» **Action item**: Using the data below, return word for word every line from the one holding "Inspector Amy Scott" down to the one holding "Запечений, під пікантною". Leave pictures out.

Data provided START

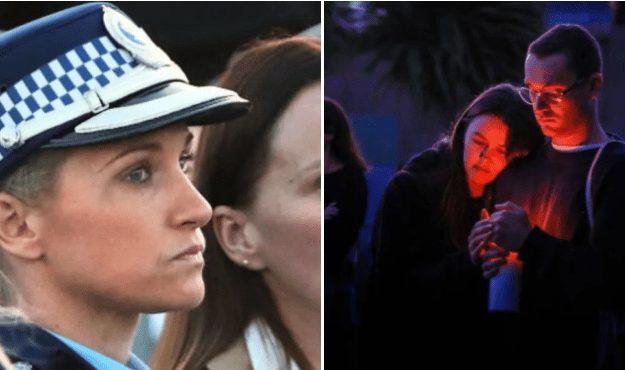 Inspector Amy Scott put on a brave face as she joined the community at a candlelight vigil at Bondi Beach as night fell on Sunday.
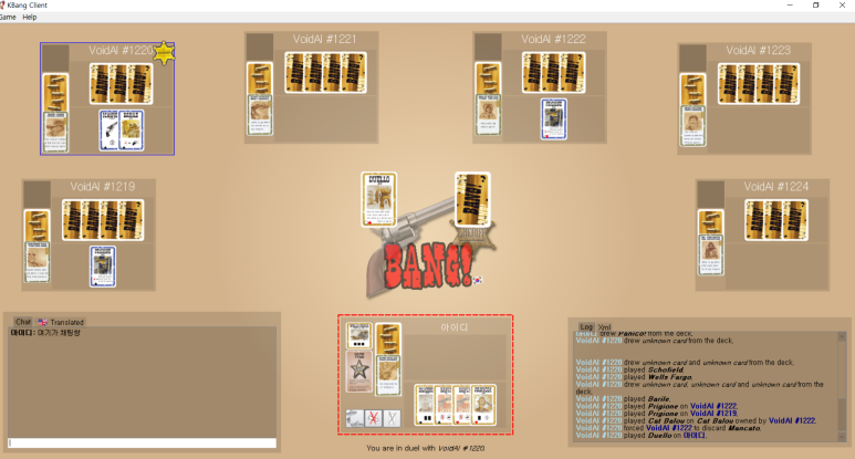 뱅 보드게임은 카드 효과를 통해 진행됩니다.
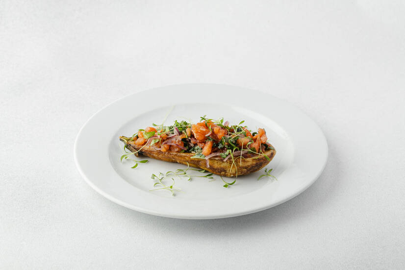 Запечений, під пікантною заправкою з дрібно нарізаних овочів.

Data provided END
Data provided START

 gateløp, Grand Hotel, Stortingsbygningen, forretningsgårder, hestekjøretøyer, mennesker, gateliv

Data provided END

» **Answer box**:
 Inspector Amy Scott put on a brave face as she joined the community at a candlelight vigil at Bondi Beach as night fell on Sunday.
 뱅 보드게임은 카드 효과를 통해 진행됩니다.
 Запечений, під пікантною заправкою з дрібно нарізаних овочів.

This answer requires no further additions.